Do Hold by the Stem There are a lot of opinions on the temperature at which a red wine versus a white wine should be served. Although it varies by grape and style, whites as a rule are generally chilled, while reds are served a little below room temperature. Especially if you’re in a fancy restaurant or at the home of a wine connoisseur, the way you hold your glass of wine tells a lot about your level of knowledge. How to look like you know what you’re doing? No matter what the wine, hold the glass by the stem, instead of gripping the bowl — it keeps the temperature of the wine the way it should be longer. And whatever you do, don’t put ice in your glass, unless it’s filled with water.
No More Nouveau If you want to play the savvy French wine snob who knows a deal, there are lesser-known regions producing killer wines for a better price than a Chateau Lafite. These wines are some of the best wines for the best price coming from France, and you’ll look like you really have the inside scoop. Like lighter reds? Look for wines from the Beaujolais — no, not the yellow-labeled Nouveau that comes out in November. You want wines from the Crus regions, like Fleurie, Morgon, and Régnié, elegant reds made from the gamay grape, Pinot Noir’s redheaded stepsister. For fresh whites, try Sancerre’s neighboring towns like Quincy, Pouilly-Fumé, and Touraine. They’ll share some of those minerally aspects of the famous Sauvignon Blanc at a more approachable price. Still hankering for that Lafite? The Côtes du Rhône region makes gorgeous, rich, full-bodied reds from north to south, from Cornas to Vacqueyras.
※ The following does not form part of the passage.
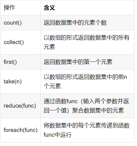 行动操作是真正触发计算的地方。Spark程序执行到行动操作时,才会执行真正的计算,这就是惰性机制,“惰性机制”是指,整个转换过程只是记录了转换的轨迹,并不会发生真正的计算,只有遇到行动操作时,才会触发“从头到尾”的真正的计算,常用的行动操作:
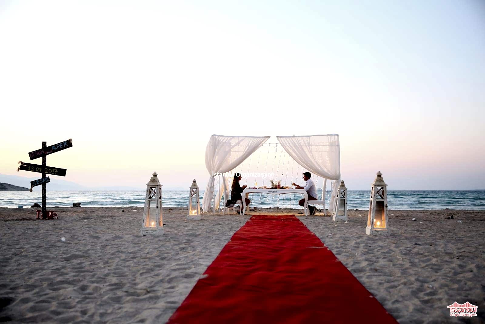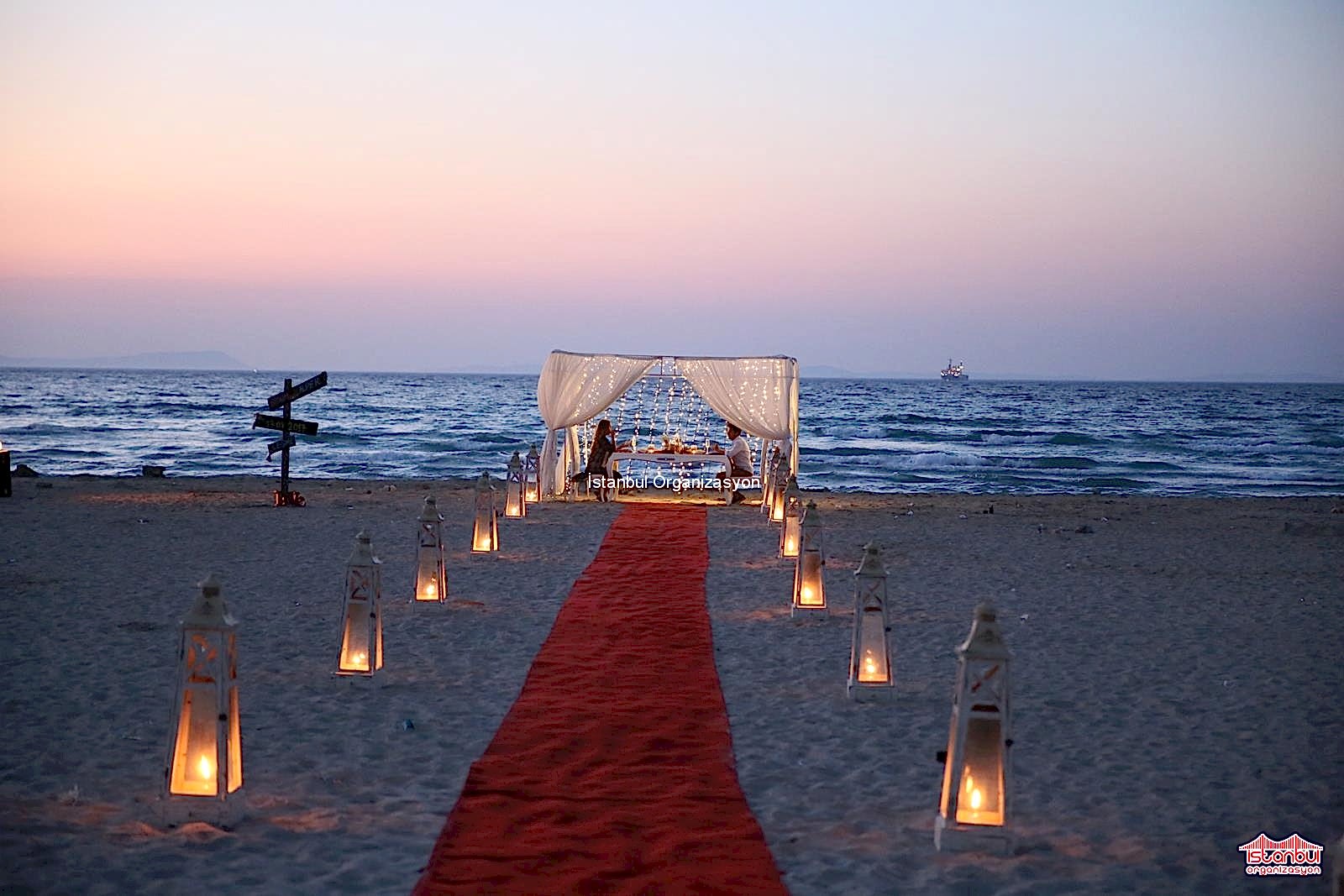 Kumsalda evlilik teklifi organizasyonu ile İstanbul Organizasyon firmamız sıra dışı ve unutulmayacak organizasyonlara imza atıyor. Evlilik yolunda ilk adımı atmaksa çoğu zaman erkeklere düşer. Sevdiğiniz kadının nelerden hoşlandığını ve nasıl bir evlilik teklifi hayali kurduğunu biliyorsanız sizlere bu doğrultuda hizmet sunuyoruz. Nasıl bir organizasyon yapacağınız konusunda karar veremiyorsanız çoğu kadınlardan oluşan ekibimizle sizlere birbirinden farklı seçenekler sunuyoruz. Alper Bey de seviyeli ilişkilerini bir sonraki adıma taşımak üzere evlilik teklifi etmeye karar vererek İstanbul Organizasyon firmamıza ulaşmış. İnternet sitemiz ve Youtube kanalımız üzerinden İstanbul Organizasyon firmamızı inceleyen Alper Bey ile detaylı olarak görüşmelerimize devam ettik. Begüm Hanıma nasıl bir evlilik teklifi gerçekleştireceği konusunda kararsız kalan Alper Beye kumsalda evlilik teklifi organizasyonu, teknede evlilik teklifi organizasyonu, dev pankartla evlilik teklifi organizasyonu gibi birbirinden farklı evlilik teklifi organizasyonu paketlerimizden bahsettik.

Ask a Somm Ever been confronted by a book rather than a simple wine list? Don’t know what a Txakolí is? Or simply don’t recognize any of the brands on the menu? If you really want to act like you know what you’re doing, then quit pretending and ask an expert. Every restaurant’s sommelier or beverage director intimately knows the wines on their list and can recommend wines at your price point and to your taste (same goes for your local wine shop). All you need to tell them is what you like (Fuller-bodied whites like a California Chardonnay? Cabernet’s your fave?) and what you want to spend (I’d like to keep it in this range — and don’t hesitate to point if you’d rather not say in front of your date). This way, you’ll show yourself to be an adventurous wine-lover, ready to try something new.
But, no, you cannot just send it back if you don’t like it. When in doubt, ask for a taste of something off the by-the-glass menu and then order the bottle if you like it.